* TASK BRIEF *
Could you copy the records below exactly, leaving out any pictures they include?

= Beginning of Section =

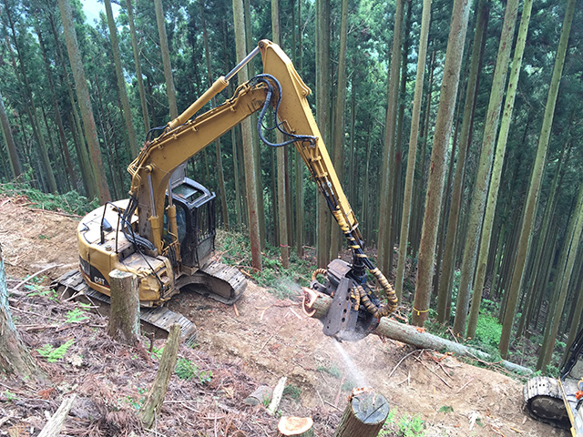 高性能林業機械の活用や高密度路網の整備により、効率的で持続可能な森林管理を進めています。
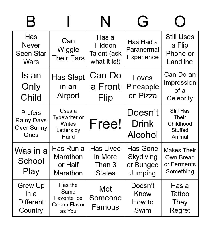 This bingo card has a free space and 25 words: Has Run a Marathon or Half Marathon, Met Someone Famous, Can Do a Front Flip, Grew Up in a Different Country, Still Uses a Flip Phone or Landline, Has Never Seen Star Wars, Is an Only Child, Can Wiggle Their Ears, Doesn’t Drink Alcohol, Has Lived in More Than 3 States, Loves Pineapple on Pizza, Prefers Rainy Days Over Sunny Ones, Has Gone Skydiving or Bungee Jumping, Makes Their Own Bread or Ferments Something, Has Slept in an Airport, Plays Dungeons & Dragons, Still Has Their Childhood Stuffed Animal, Has a Hidden Talent (ask what it is!), Can Do an Impression of a Celebrity, Uses a Typewriter or Writes Letters by Hand, Has a Tattoo They Regret, Has the Same Favorite Ice Cream Flavor as You, Was in a School Play, Has Had a Paranormal Experience and Doesn’t Know How to Swim.
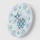 Ein inspiriertes Muster von stürmisch-türkisfarbenen Plätzen, die mit einem weißen Segelboot und Anker dekoriert sind, und die tiefmarineblauen Plätze, die mit blassblauen Chevrons und Wellen geschmückt sind, werden durch die weißen Stiche unterstrichen, um ein klassisches nautisches Ambiente zu schaffen. Ein Seestern und eine Muschel verdecken das Design in der Mitte, während ein anderer Stil von Seesternen die Zahlen für diese Uhr umrahmt.
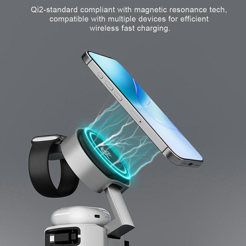 With Qi2 15W fast charging support, the charger provides secure magnetic alignment for stable wireless charging. The built-in 80cm retractable cable helps reduce clutter and makes storage easier, while the foldable design keeps the charger compact enough to fit easily in a bag or carry-on.
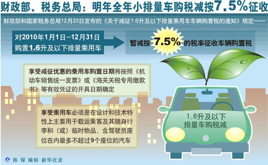 兩部委:明年全年小排量車(chē)購(gòu)稅減按7.5%征收
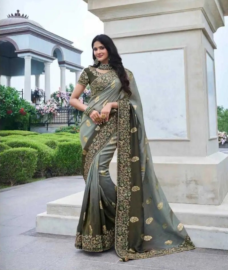 Turn heads in this elegant olive grey saree adorned with exquisite gold zari embroidery and detailed sequin work. The luxurious satin-georgette fabric drapes beautifully, reflecting grace and sophistication. Its intricately embroidered border adds a royal touch, while the matching designer blouse enhances its overall grandeur.Perfect for weddings, festive occasions, and grand celebrations, this saree blends traditional craftsmanship with a modern palette, making it a timeless addition to your wardrobe.Color: Olive GreyFabric: Satin GeorgetteWork: Heavy Zari, Sequin & Thread EmbroideryBlouse: Matching embroidered blouse (unstiched/semi-stitched)Occasion: Wedding, Festive, Party WearCare: Dry Clean Only
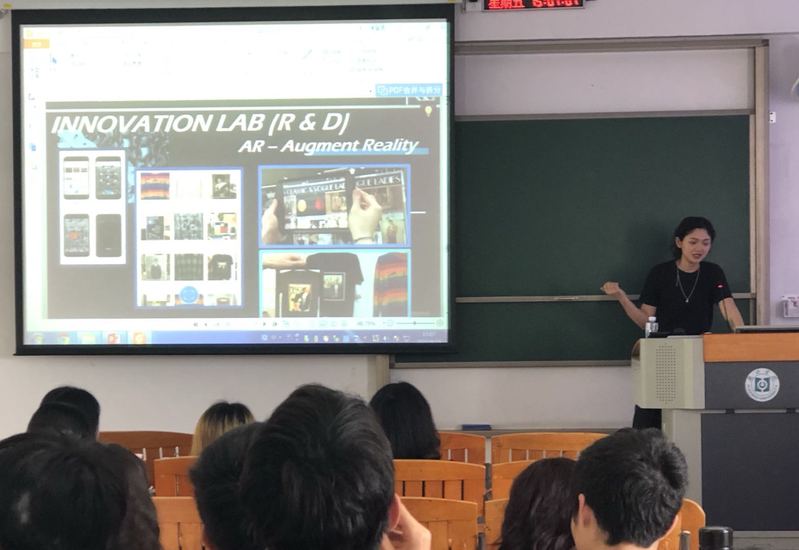 2021年4月16日,为了让学生进一步了解有关服装品牌设计与策划方面的知识,我院黄寒老师邀请了惠州南旋集团的高级设计师郭钟涵女士和创意总监关泽殷先生到我院开展了主题为“Fashion Branding & Design”专题讲座,该讲座嵌入2018级服装与服饰设计1班和2班的品牌设计与策划课程中。
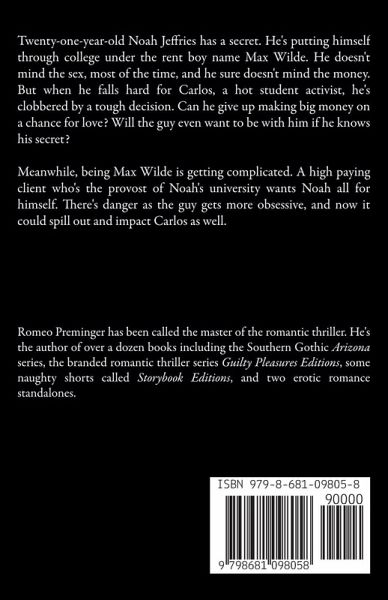 Twenty-one-year-old Noah Jeffries has a secret. He's putting himself through college under the rent boy name Max Wilde. He doesn't mind the sex, most of the time, and he sure doesn't mind the money. But when he falls hard for Carlos, a hot student activist, he's clobbered by a tough decision. Can he give up making big money on a chance for love? Will the guy even want to be with him if he knows his secret? Meanwhile, being Max Wilde is getting complicated. A high paying client who's the provost of Noah's university wants Noah all for himself. There's danger as the guy gets more obsessive, and now it could spill out and impact Carlos as well. The first title in Romeo Preminger's Guilty Pleasures series of erotic thrillers.
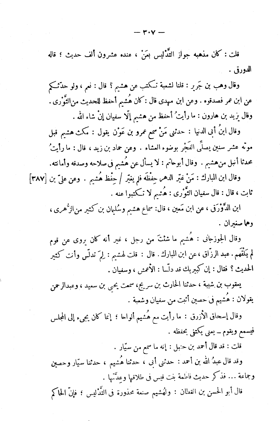 وعن علي بن [387] ثابت، قال: قال سفيان الثوري: هشيم لا تكتبوا عنه.
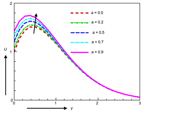 Figure 3 demonstrates the impact of acceleration parameter a on the velocity field. It is evident that the velocity increases near the plate and remains same far away from the plate with the increase of acceleration parameter a. The same result has already been deliberated by Pattnaik et al. [27] .
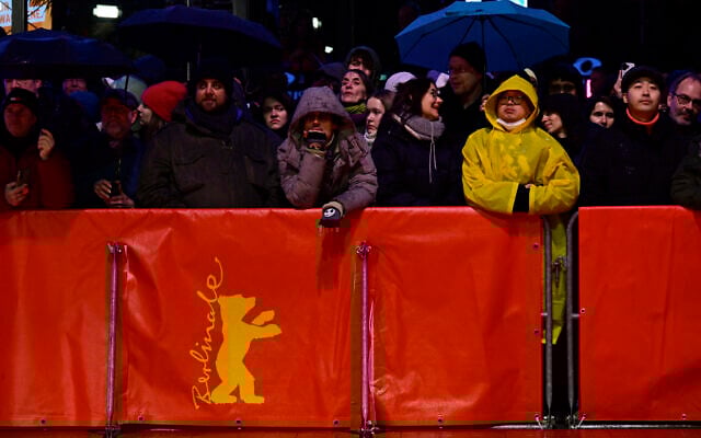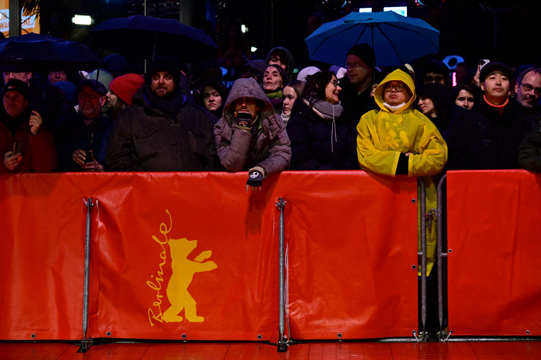 Fans wait in the rain near the red carpet for the Award Ceremony of the 76th Berlinale, Europe’s first major film festival of the year, in Berlin on February 21, 2026. (John MACDOUGALL / AFP)
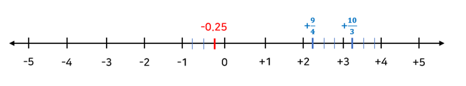정수와 마찬가지로 모든 유리수도 수직선에서 나타낼 수 있어요.
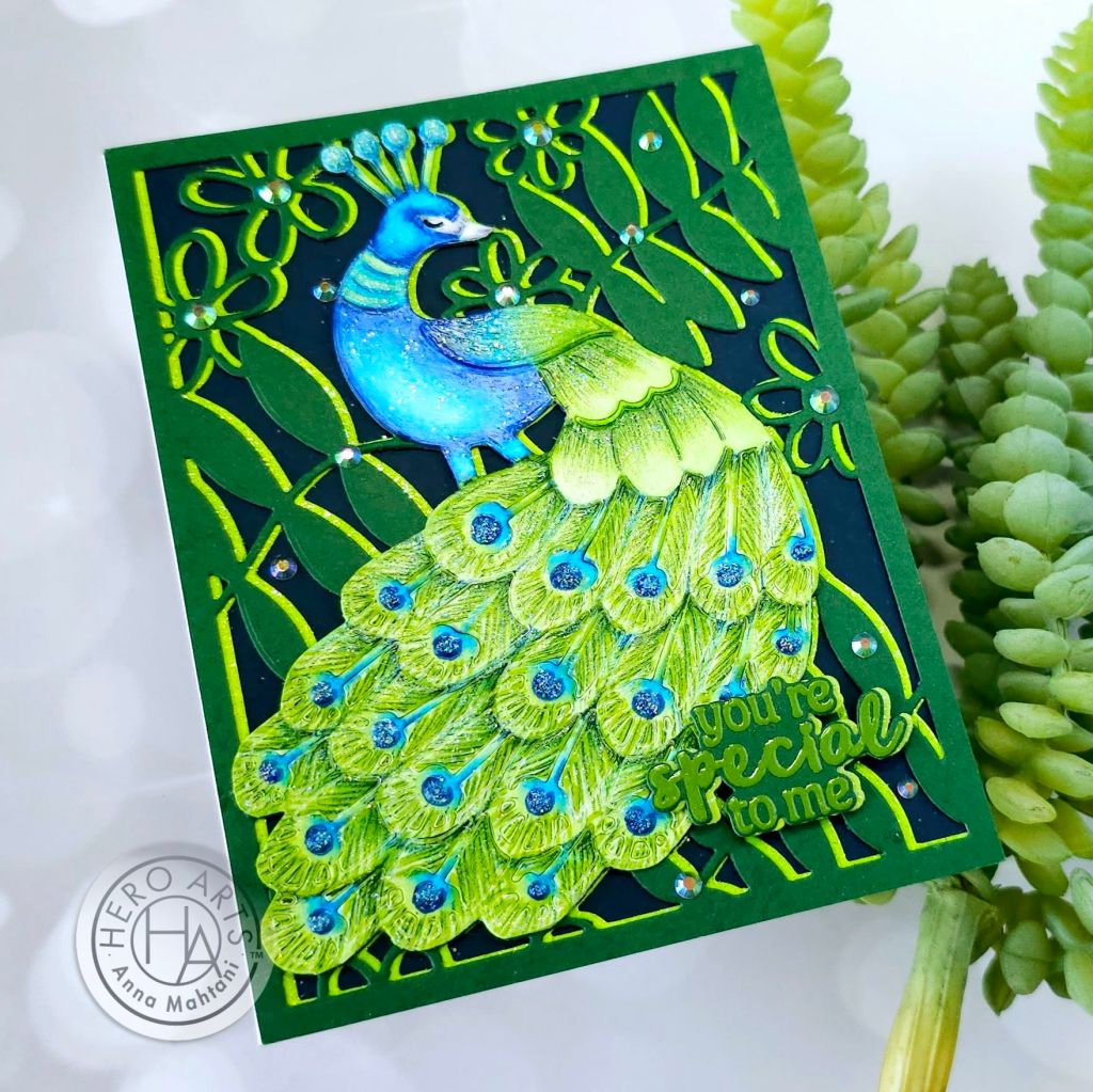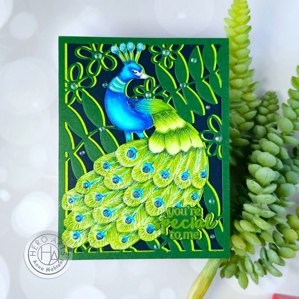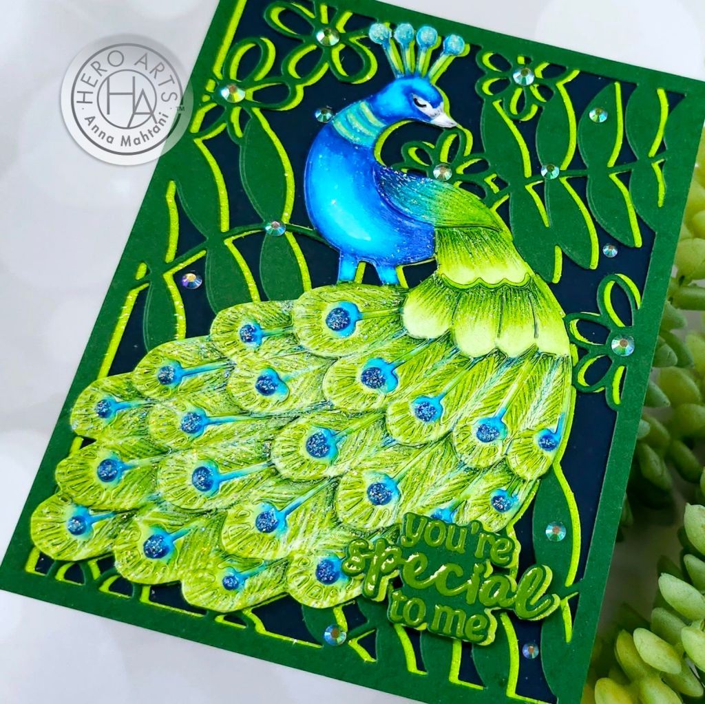 For the background, I used the same peacock cover plate and die cut it using Hero Hues Pine Cardstock and Hero Hues Kiwi and adhered it offset on a piece of Hero Hues Nautical cardstock panel.
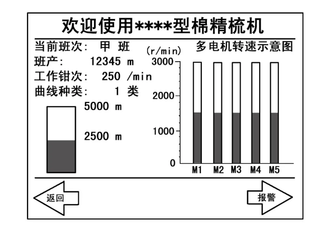 运行主画面左边显示了必要的工艺参数以及当班信息,右边动态演示整台机器所有电机同步运行的速度示意棒图。
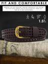 The Belt is a lighthearted way to add interest to your day-to-day dresses and denim. The very medium-slim design has a burnished self-textured shade that gives it an unprecedented look itself, so wear the formal semi-formal belts like this to the front and buckle to the back for a quirky-chic way to create the waist. Choose from smart black then head out for your morning coffee. this belt is long-lasting, lightweight, and made of Artificial Leather
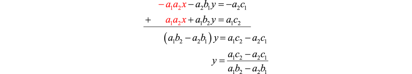 We can solve linear systems with two variables using determinants. We begin with a general 2×2 linear system and solve for y. To eliminate the variable x, multiply the first equation by and the second equation by .
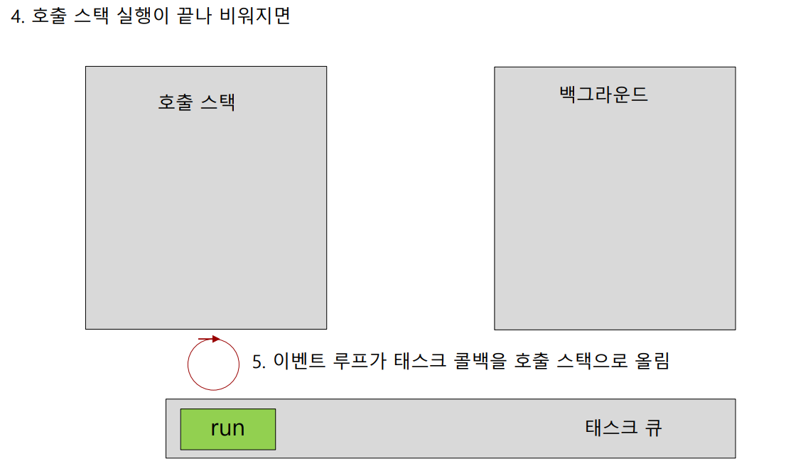 (5) 호출 스택에 함수가 존재하지 않으므로 이벤트 루프는 이때 태스크 큐에 존재하는 콜백 함수를 호출 스택으로 이동시킵니다.
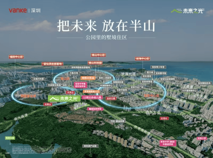 万科未来之光项目是万科联合人才安居集团打造的超30万㎡的理享生活大城。 未来之光项目直线距离前海不到6.5公里,受“南山+宝安”双核心辐射。从项目出发,开车仅半小时可到达深圳最主要的工作区域:宝安中心、留仙洞、南山科技园、前海后海、车公庙、福田CBD等。步行可达地铁5号线兴东站,规划中的地铁15号线被称作“深圳一环”,涵盖了会展新城、海洋新城、太空港片区、铁仔山科技城、宝中及大铲湾、前海核心区、留仙洞总部基地、尖岗山高新园、蛇口片区等大湾区乃至国家大力发展的产业片区。
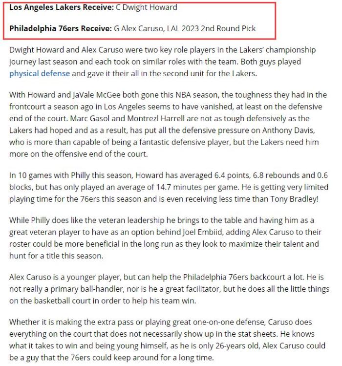 湖人现在的战绩虽然高居联盟榜首,但球迷对此一直感到遗憾,再加上他们本赛季的内线深度薄弱急需补强。于是有美媒建议湖人打包送出卡鲁索和2023年次轮选秀权,从76人换回霍华德。

= End of Section =

* SOLUTION *
 高性能林業機械の活用や高密度路網の整備により、効率的で持続可能な森林管理を進めています。
 This bingo card has a free space and 25 words: Has Run a Marathon or Half Marathon, Met Someone Famous, Can Do a Front Flip, Grew Up in a Different Country, Still Uses a Flip Phone or Landline, Has Never Seen Star Wars, Is an Only Child, Can Wiggle Their Ears, Doesn’t Drink Alcohol, Has Lived in More Than 3 States, Loves Pineapple on Pizza, Prefers Rainy Days Over Sunny Ones, Has Gone Skydiving or Bungee Jumping, Makes Their Own Bread or Ferments Something, Has Slept in an Airport, Plays Dungeons & Dragons, Still Has Their Childhood Stuffed Animal, Has a Hidden Talent (ask what it is!), Can Do an Impression of a Celebrity, Uses a Typewriter or Writes Letters by Hand, Has a Tattoo They Regret, Has the Same Favorite Ice Cream Flavor as You, Was in a School Play, Has Had a Paranormal Experience and Doesn’t Know How to Swim.
 Ein inspiriertes Muster von stürmisch-türkisfarbenen Plätzen, die mit einem weißen Segelboot und Anker dekoriert sind, und die tiefmarineblauen Plätze, die mit blassblauen Chevrons und Wellen geschmückt sind, werden durch die weißen Stiche unterstrichen, um ein klassisches nautisches Ambiente zu schaffen. Ein Seestern und eine Muschel verdecken das Design in der Mitte, während ein anderer Stil von Seesternen die Zahlen für diese Uhr umrahmt.
 With Qi2 15W fast charging support, the charger provides secure magnetic alignment for stable wireless charging. The built-in 80cm retractable cable helps reduce clutter and makes storage easier, while the foldable design keeps the charger compact enough to fit easily in a bag or carry-on.
 兩部委:明年全年小排量車(chē)購(gòu)稅減按7.5%征收
 Turn heads in this elegant olive grey saree adorned with exquisite gold zari embroidery and detailed sequin work. The luxurious satin-georgette fabric drapes beautifully, reflecting grace and sophistication. Its intricately embroidered border adds a royal touch, while the matching designer blouse enhances its overall grandeur.Perfect for weddings, festive occasions, and grand celebrations, this saree blends traditional craftsmanship with a modern palette, making it a timeless addition to your wardrobe.Color: Olive GreyFabric: Satin GeorgetteWork: Heavy Zari, Sequin & Thread EmbroideryBlouse: Matching embroidered blouse (unstiched/semi-stitched)Occasion: Wedding, Festive, Party WearCare: Dry Clean Only
 2021年4月16日,为了让学生进一步了解有关服装品牌设计与策划方面的知识,我院黄寒老师邀请了惠州南旋集团的高级设计师郭钟涵女士和创意总监关泽殷先生到我院开展了主题为“Fashion Branding & Design”专题讲座,该讲座嵌入2018级服装与服饰设计1班和2班的品牌设计与策划课程中。
 Twenty-one-year-old Noah Jeffries has a secret. He's putting himself through college under the rent boy name Max Wilde. He doesn't mind the sex, most of the time, and he sure doesn't mind the money. But when he falls hard for Carlos, a hot student activist, he's clobbered by a tough decision. Can he give up making big money on a chance for love? Will the guy even want to be with him if he knows his secret? Meanwhile, being Max Wilde is getting complicated. A high paying client who's the provost of Noah's university wants Noah all for himself. There's danger as the guy gets more obsessive, and now it could spill out and impact Carlos as well. The first title in Romeo Preminger's Guilty Pleasures series of erotic thrillers.
 وعن علي بن [387] ثابت، قال: قال سفيان الثوري: هشيم لا تكتبوا عنه.
 Figure 3 demonstrates the impact of acceleration parameter a on the velocity field. It is evident that the velocity increases near the plate and remains same far away from the plate with the increase of acceleration parameter a. The same result has already been deliberated by Pattnaik et al. [27] .
 Fans wait in the rain near the red carpet for the Award Ceremony of the 76th Berlinale, Europe’s first major film festival of the year, in Berlin on February 21, 2026. (John MACDOUGALL / AFP)
정수와 마찬가지로 모든 유리수도 수직선에서 나타낼 수 있어요.
 For the background, I used the same peacock cover plate and die cut it using Hero Hues Pine Cardstock and Hero Hues Kiwi and adhered it offset on a piece of Hero Hues Nautical cardstock panel.
 运行主画面左边显示了必要的工艺参数以及当班信息,右边动态演示整台机器所有电机同步运行的速度示意棒图。
 The Belt is a lighthearted way to add interest to your day-to-day dresses and denim. The very medium-slim design has a burnished self-textured shade that gives it an unprecedented look itself, so wear the formal semi-formal belts like this to the front and buckle to the back for a quirky-chic way to create the waist. Choose from smart black then head out for your morning coffee. this belt is long-lasting, lightweight, and made of Artificial Leather
 We can solve linear systems with two variables using determinants. We begin with a general 2×2 linear system and solve for y. To eliminate the variable x, multiply the first equation by and the second equation by .
 (5) 호출 스택에 함수가 존재하지 않으므로 이벤트 루프는 이때 태스크 큐에 존재하는 콜백 함수를 호출 스택으로 이동시킵니다.
 万科未来之光项目是万科联合人才安居集团打造的超30万㎡的理享生活大城。 未来之光项目直线距离前海不到6.5公里,受“南山+宝安”双核心辐射。从项目出发,开车仅半小时可到达深圳最主要的工作区域:宝安中心、留仙洞、南山科技园、前海后海、车公庙、福田CBD等。步行可达地铁5号线兴东站,规划中的地铁15号线被称作“深圳一环”,涵盖了会展新城、海洋新城、太空港片区、铁仔山科技城、宝中及大铲湾、前海核心区、留仙洞总部基地、尖岗山高新园、蛇口片区等大湾区乃至国家大力发展的产业片区。
 湖人现在的战绩虽然高居联盟榜首,但球迷对此一直感到遗憾,再加上他们本赛季的内线深度薄弱急需补强。于是有美媒建议湖人打包送出卡鲁索和2023年次轮选秀权,从76人换回霍华德。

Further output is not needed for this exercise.